We hadn’t planned on skiing, or snowshoeing, or even sledding, but Paul had
the idea that we should climb higher.  We decided that none of us wanted to
pay the full ticket price, so Paul and I watched as Yasemin worked on the
lift operator.  A few pieces of her hair had come loose from her headscarf,
and her skin looked almost opalescent.  She finally convinced him to let us go
up for one fare if we would fit three people to the double chair.  
      We rode to the top of the first crests, me in the middle.  Yasemin and I
pulled our scarves down tighter on our heads; Paul adjusted his hat.  The
snow stung against my cheeks, and Paul’s thigh stung against mine.  

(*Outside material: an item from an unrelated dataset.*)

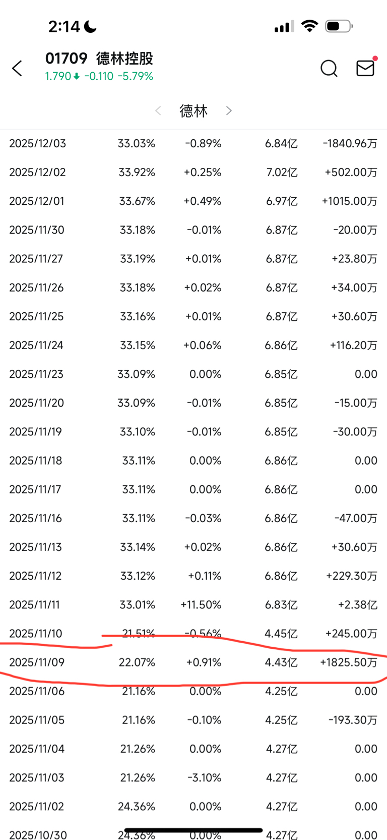 $德林控股(HK|01709)$ 大家都在问为什么12/3日德林证券一天仓位减少1800w股?12/1-2日德林公司从市场回购了1500w股,为何德林证券仓位在后一天又减少1800w股呢?很多人怀疑德林证券的配股投资人一天内出货或者是德林公司出老千。其实看一下CCASS的变化就清楚了,德林证券于11/9日多了1800w股,12/3日减少了1800w股。德林目前总共有20.7亿股,其中19.7亿股是电子股票,纸股票有9600w股,而在12/3日之前,纸质股票是7800w股,所以结论也很简单,11/9日匯入德林证券的1800w股在12/3日以纸股票的形式被提出。时间可以证明一切,希望这个可以解答大家的疑问。

      I trusted Paul—the day he’d left the hotel and Yasemin finished my
curtains, he said he was meeting with a friend who would be going to İstanbul,
and I gave him a letter to hand off.  I addressed it and sealed it and dug out a
few lira for postage.  Inside, I wrote
I am okay.  Love, Laura, in block
letters on an otherwise blank sheet of paper, and I made him promise that he
wouldn’t open the envelope and that he must impress upon his friend not to
mail it until he reached İstanbul proper—it’s a big city, twice the size of New
York, so I thought the postmark would be safe enough.   I could have easily
logged in at any of the Internet shops in Anatolia and sent the same message,
but I thought that if I were on the other side of it, I’d want something that had
been touched.  Paul didn’t ask me anything about not including a return
address, or who might live on Roanoke Ave. in Seattle.  

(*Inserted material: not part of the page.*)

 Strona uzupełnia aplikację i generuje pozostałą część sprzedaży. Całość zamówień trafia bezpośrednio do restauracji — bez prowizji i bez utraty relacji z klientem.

      “I will explain it to my friend,” he said.  
      “Thank you,” I said.  
      “My pleasure,” he said.  
      As the chairlift neared the turn where it would head back down, we piled
off onto the ramp and slid into the drifts.  We’d seen a few skiers here and
there, but I think none of us were really sure what to do once we’d gotten up
there.  We started hiking toward a clump of trees, where we sat down to rest
and watch the light snow that had begun to fall.  It occurred to me that I was
really not wearing the right shoes.  
      “What do you think,” said Paul.  “Is it true that no two snowflakes are
      “I think it doesn’t matter,” said Yasemin.  Her voice was soft.  

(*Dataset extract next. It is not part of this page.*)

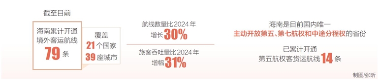 以航线为媒,海南加快推进航运开放。截至目前,海南累计开通境外客运航线79条,覆盖21个国家、39座城市;与2024年相比,航线数量增长30%,旅客吞吐量增长31%,交出一份令人瞩目的航运新答卷。
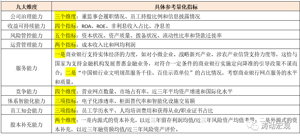 監(jiān)管評級之外,始于2015年的陀螺評價體系這里也略微提及一下。2013年中國銀行業(yè)協(xié)會成立課題組進行研究,并于2015年正式推出“陀螺”(GYROSCOPE)評價體系,從公司治理能力(Governance)、收益可持續(xù)能力(Yield sustainability)、風險管控能力(Risk control)、運營管理能力(Operational management)、服務(wù)能力(Service quality)、競爭能力(Competitiveness)、體系智能化能力(Organizational intellectualization)、員工知會能力(Personnel competence)、股本補充能力(Equity funding)等九個維度32項指標入手,對全國性銀行與地方性銀行進行綜合評價。不過這幾年,陀螺評價體系的影響力和受到的關(guān)注度有下降的趨勢。

      Paul tipped his head toward hers as if he expected her to elaborate, but
she didn’t.  
      From there we decided we would simply make our way down the hill.  I
had my small pack, and Yasemin had another.  Paul was empty-handed, but he
offered to take both our bags.  I kept mine.  Yasemin kept hers, too.  
      This trip was like many things in Turkey; we would do things for the sheer
sake of it—it was like counting bees or organizing kinds of sand: distracting,
entertaining sometimes, and almost wholly pointless.  We just keep walking,
pointing our bodies
down, which is hardly even a direction.  
      The snow was picking up, and it was like egg whites beating into meringue,
the clear air swirling into thick white.  I wondered how much time the Greek
geographer Strabo might have really spent on the slopes.  The going would have
been slower and colder then, without chairlifts and advances in outerwear.     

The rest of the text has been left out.